> _EXERCISE REQUIREMENTS_
Leave the images aside and output every entry exactly.

> _RECORDS FOR THE TASK_
==*==
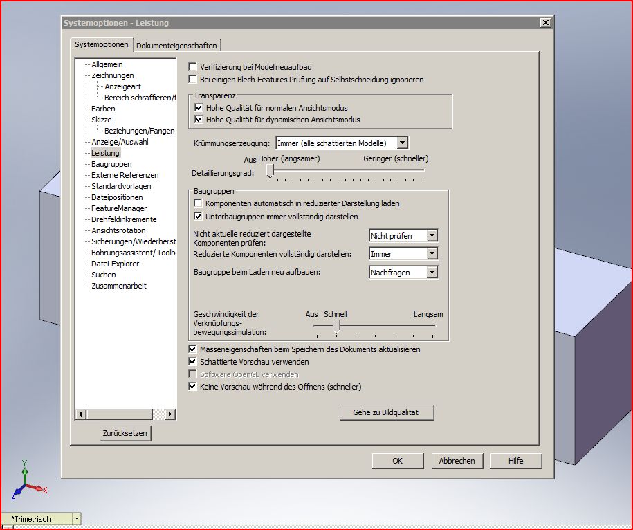 Ja, spontan von einem Tag auf den anderen ist eher ungewöhlich; vor allem, wenn du als Anwender den Unterschied bemerkst liegt die Differenz deutlich über 20%, alles darunter wird ohne Messprogramme eigentlich nicht wahrgenommen. Mit ist allerdings auch noch nicht klar, bei welcher Aktion du diese Verlangsamung bemerkst. Du schreibst beim Wiederaufbau ... wird der von dir selbst durchgeführt per Ampel oder CTRL-Q, ist das Laden entsprechend langsam, sind neue Komponenten in der Baugruppe und müssen neu durchgerechnet werden, kommen die Komponenten auf einmal (oder schon immer?) von einem Netzlaufwerk und in eurem Netzwerk wird auf einmal etwas anders gemacht, liegt es an den Verknüpfungen (einfach mal eine neue Konfiguration machen und alle Verknüpfungen unterdrücken), wurde z.B. der flexible Status von Baugruppenhierarchien geändert, passiert das auf Baugruppen- oder Zeichnungsebene, wie ist die Auslastung deiner Prozessumgebung (Taskmanager oder Processmonitor) ... viele Fragen, ohne entsprechende Infos ist da nur Mutmaßen und Hellsehen angesagt. Ciao,Stefan
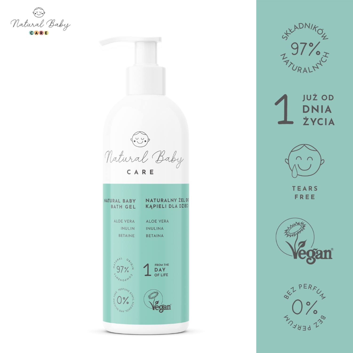 od 1 dnia życia, ten bezzapachowy żel doskonale pielęgnuje delikatną skórę dziecka. Zawiera 97% naturalnych
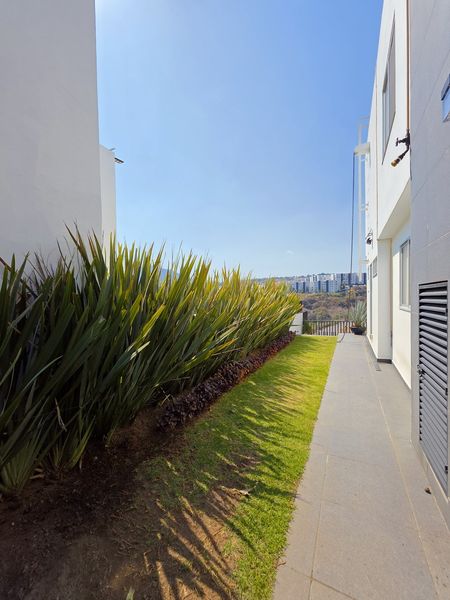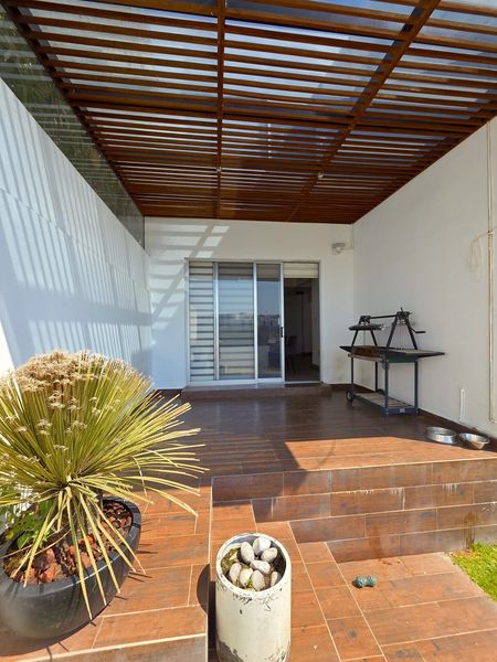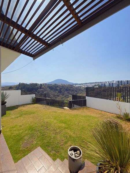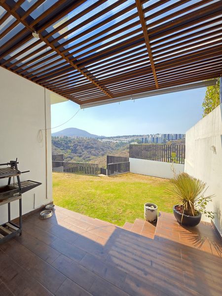 El jardin cuenta con increible vista arbolada, su ubicación permitirá siempre esta vista ya que enfrente es zona federal, este jardín se divide en 2 partes, area plana con terraza y pergola y otra pequeña terraza delimitada con una pequeña reja para las mascotas en caso de tener reunión.
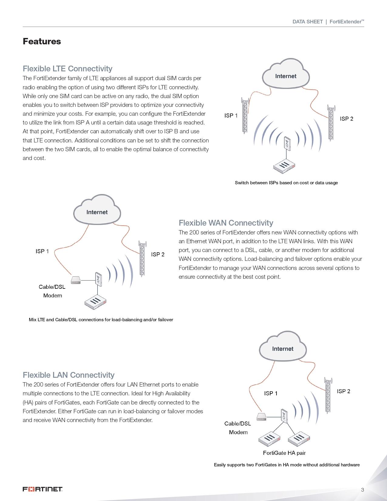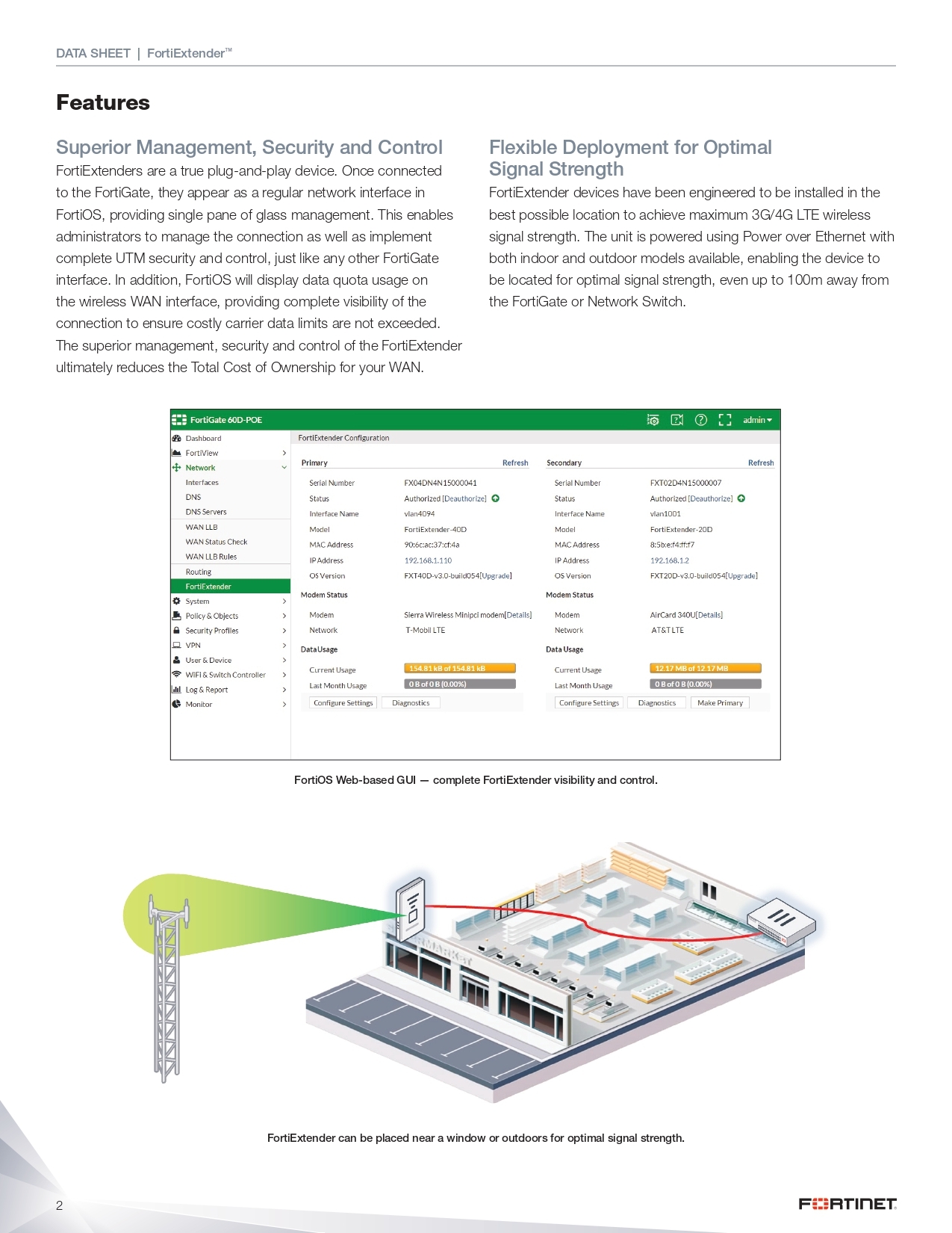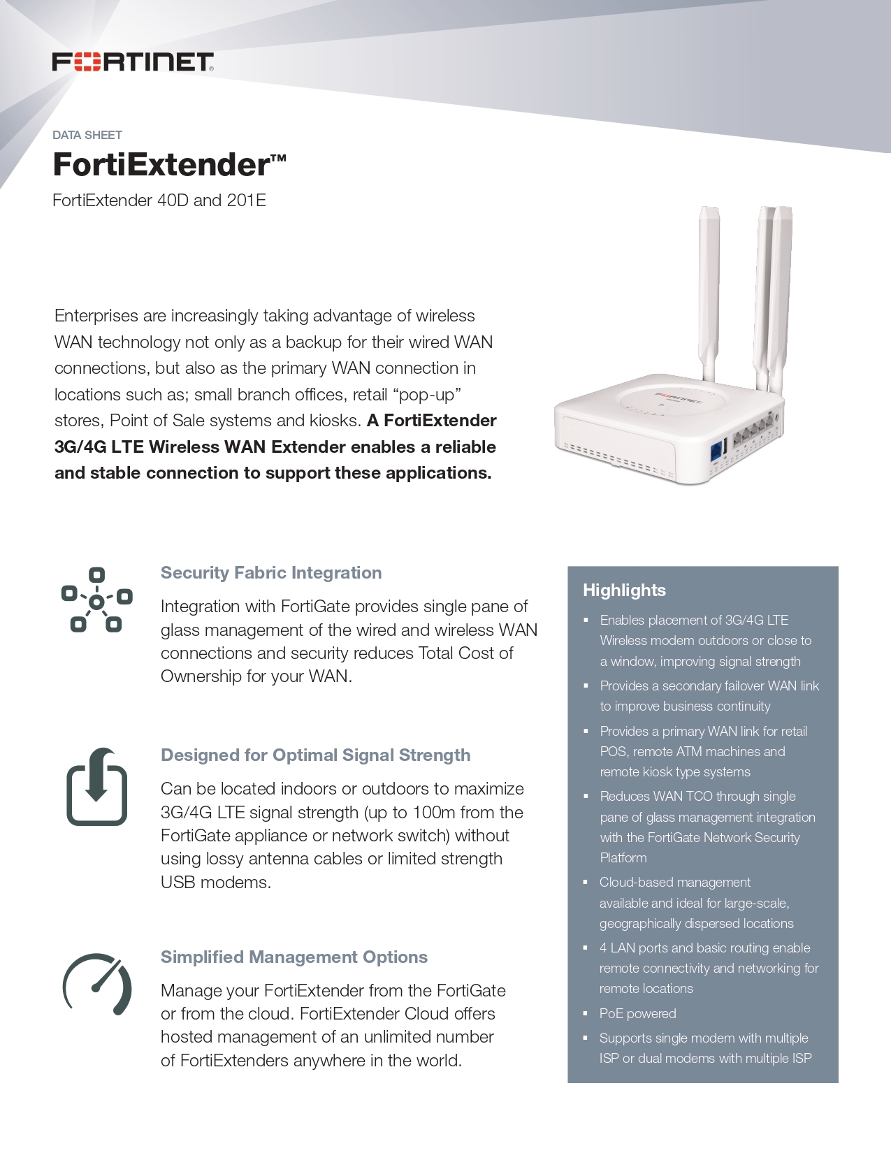 A FortiExtender 3G/4G LTE Wireless WAN Extender enables a reliable and stable connection to support these applications.
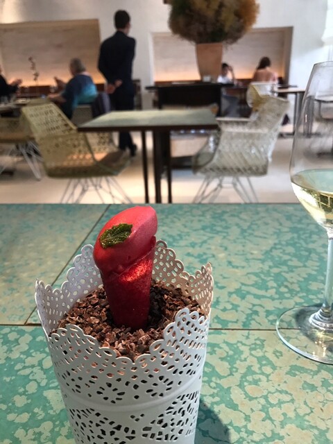 エルブジの分子ガストロミーを随所に散りばめ、正統派料理も組み込んで構成されるコース料理は時間の経つのを忘れる位、驚きと舌の上での喜びを感じさせてくれる。
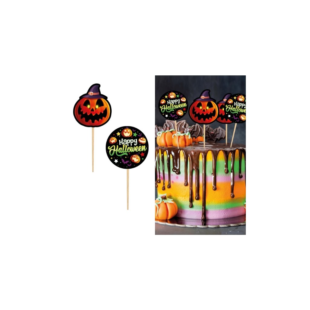 Zápichy na dort Happy Halloween jsou jednoduchým a efektním způsobem, jak dodat vašim sladkostem sváteční vzhled. V balení najdete 12 papírových dekorací o průměru 6 cm, umístěných na praktických dřevěných tyčkách. Motivy s dýněmi, nápisem Happy Halloween a strašidelnými ilustracemi dodají dortům, muffinům nebo cupcakům hravou halloweenskou atmosféru. Jsou ideální pro domácí pečení, cukrářské výtvory i party občerstvení. Snadno je zapíchnete do sladkostí a po oslavě jednoduše vyhodíte. Rozměry: Průměr dekorace 6 cm, délka se zápichem cca 10 cmMateriál: Papír, dřevoBarva: Barevný potisk (dýně, nápis Happy Halloween)Balení: 12 ksDoplňkové parametry
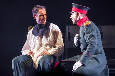 Андрей Кондратьев (Апфельбаум, спирит, иллюзионист) и Андрей Финягин (Человек, которого принимают за Печорина) (слева направо) на показе спектакля «Герой нашего времени?» в постановке режиссера Антона Яковлева перед премьерой в Московском драматическом театре имени Гоголя.
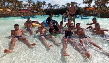 Em comemoração ao Dia das Crianças, alunos do projeto Destaquemil viajam para parque aquático na cidade de Olímpia(SP).
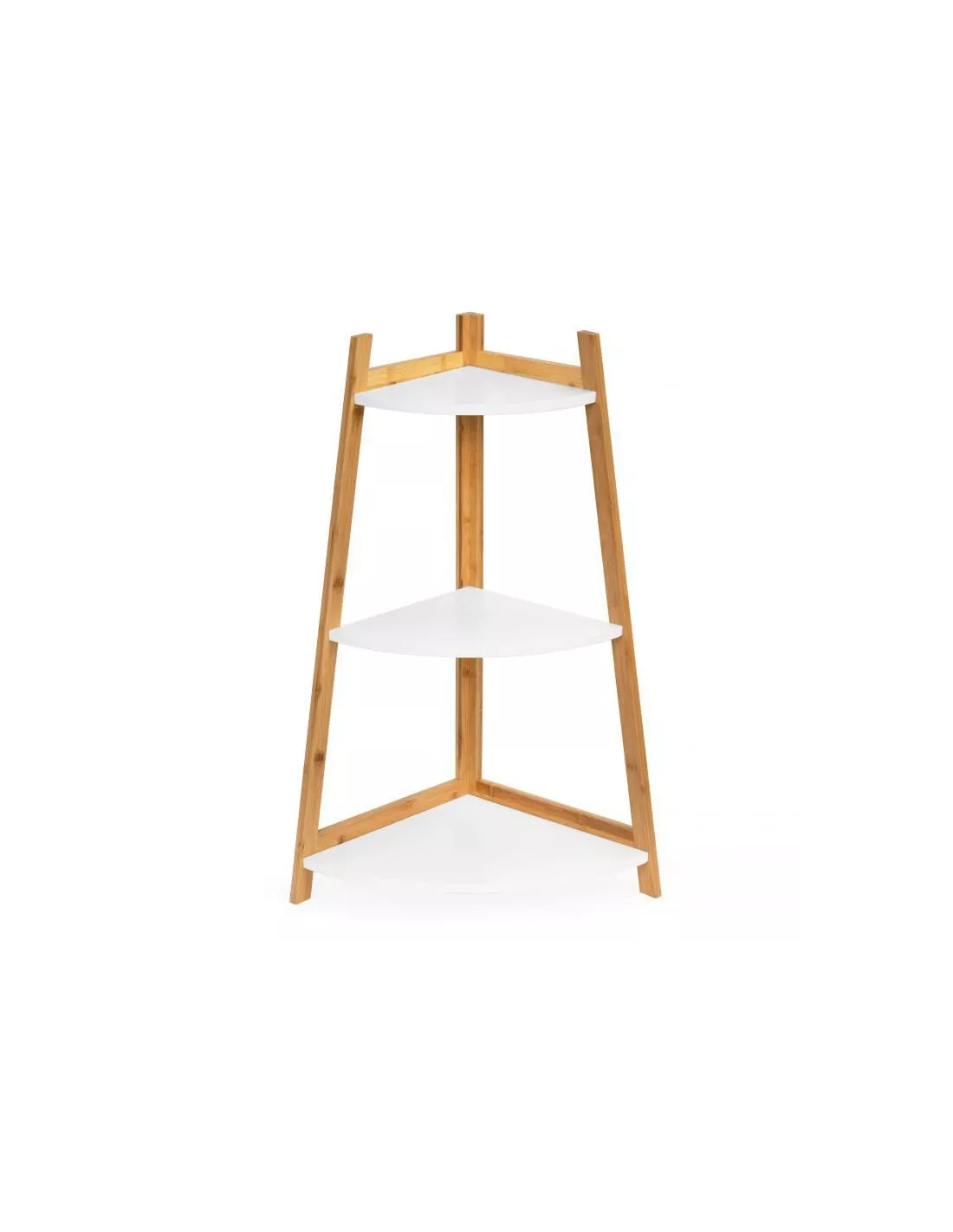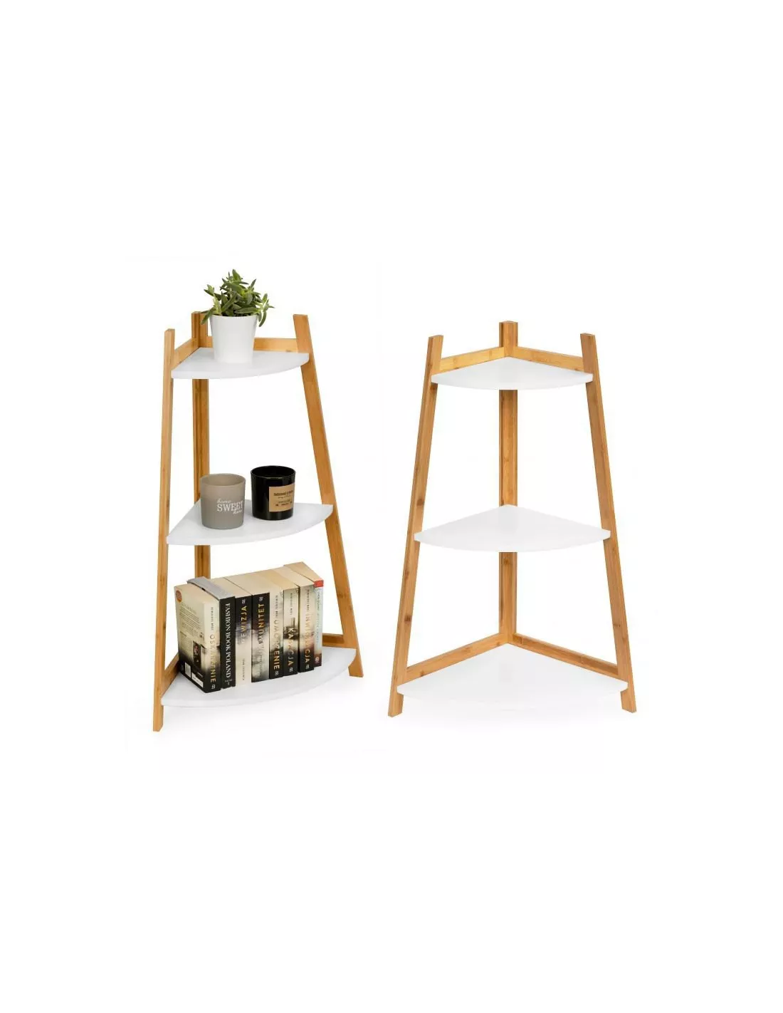 Szafka narożna to idealna propozycja do aranżacji wielu domowych pomieszczeń. Świetnie sprawdza się w sypialni, ustawiona tuż obok łóżka, jako regał na książki w salonie, jako stolik lub konsolka w przedpokoju... Mebel ten zastosowań może mieć tyle ile masz pomysłów! Trzy funkcjonale półeczki, łączone drewnianym stelażem z drewna bambusowego - połączenie idealne, które wzbogaci każde modne wnętrze o nieprzeładowanej stylistyce. Szafka z półkami o różnej głębokości idealnie wpisze się w każdy róg.
==*==
> _EXERCISE ANSWER_
 Ja, spontan von einem Tag auf den anderen ist eher ungewöhlich; vor allem, wenn du als Anwender den Unterschied bemerkst liegt die Differenz deutlich über 20%, alles darunter wird ohne Messprogramme eigentlich nicht wahrgenommen. Mit ist allerdings auch noch nicht klar, bei welcher Aktion du diese Verlangsamung bemerkst. Du schreibst beim Wiederaufbau ... wird der von dir selbst durchgeführt per Ampel oder CTRL-Q, ist das Laden entsprechend langsam, sind neue Komponenten in der Baugruppe und müssen neu durchgerechnet werden, kommen die Komponenten auf einmal (oder schon immer?) von einem Netzlaufwerk und in eurem Netzwerk wird auf einmal etwas anders gemacht, liegt es an den Verknüpfungen (einfach mal eine neue Konfiguration machen und alle Verknüpfungen unterdrücken), wurde z.B. der flexible Status von Baugruppenhierarchien geändert, passiert das auf Baugruppen- oder Zeichnungsebene, wie ist die Auslastung deiner Prozessumgebung (Taskmanager oder Processmonitor) ... viele Fragen, ohne entsprechende Infos ist da nur Mutmaßen und Hellsehen angesagt. Ciao,Stefan
 od 1 dnia życia, ten bezzapachowy żel doskonale pielęgnuje delikatną skórę dziecka. Zawiera 97% naturalnych
 El jardin cuenta con increible vista arbolada, su ubicación permitirá siempre esta vista ya que enfrente es zona federal, este jardín se divide en 2 partes, area plana con terraza y pergola y otra pequeña terraza delimitada con una pequeña reja para las mascotas en caso de tener reunión.
 A FortiExtender 3G/4G LTE Wireless WAN Extender enables a reliable and stable connection to support these applications.
 エルブジの分子ガストロミーを随所に散りばめ、正統派料理も組み込んで構成されるコース料理は時間の経つのを忘れる位、驚きと舌の上での喜びを感じさせてくれる。
 Zápichy na dort Happy Halloween jsou jednoduchým a efektním způsobem, jak dodat vašim sladkostem sváteční vzhled. V balení najdete 12 papírových dekorací o průměru 6 cm, umístěných na praktických dřevěných tyčkách. Motivy s dýněmi, nápisem Happy Halloween a strašidelnými ilustracemi dodají dortům, muffinům nebo cupcakům hravou halloweenskou atmosféru. Jsou ideální pro domácí pečení, cukrářské výtvory i party občerstvení. Snadno je zapíchnete do sladkostí a po oslavě jednoduše vyhodíte. Rozměry: Průměr dekorace 6 cm, délka se zápichem cca 10 cmMateriál: Papír, dřevoBarva: Barevný potisk (dýně, nápis Happy Halloween)Balení: 12 ksDoplňkové parametry
 Андрей Кондратьев (Апфельбаум, спирит, иллюзионист) и Андрей Финягин (Человек, которого принимают за Печорина) (слева направо) на показе спектакля «Герой нашего времени?» в постановке режиссера Антона Яковлева перед премьерой в Московском драматическом театре имени Гоголя.
 Em comemoração ao Dia das Crianças, alunos do projeto Destaquemil viajam para parque aquático na cidade de Olímpia(SP).
 Szafka narożna to idealna propozycja do aranżacji wielu domowych pomieszczeń. Świetnie sprawdza się w sypialni, ustawiona tuż obok łóżka, jako regał na książki w salonie, jako stolik lub konsolka w przedpokoju... Mebel ten zastosowań może mieć tyle ile masz pomysłów! Trzy funkcjonale półeczki, łączone drewnianym stelażem z drewna bambusowego - połączenie idealne, które wzbogaci każde modne wnętrze o nieprzeładowanej stylistyce. Szafka z półkami o różnej głębokości idealnie wpisze się w każdy róg.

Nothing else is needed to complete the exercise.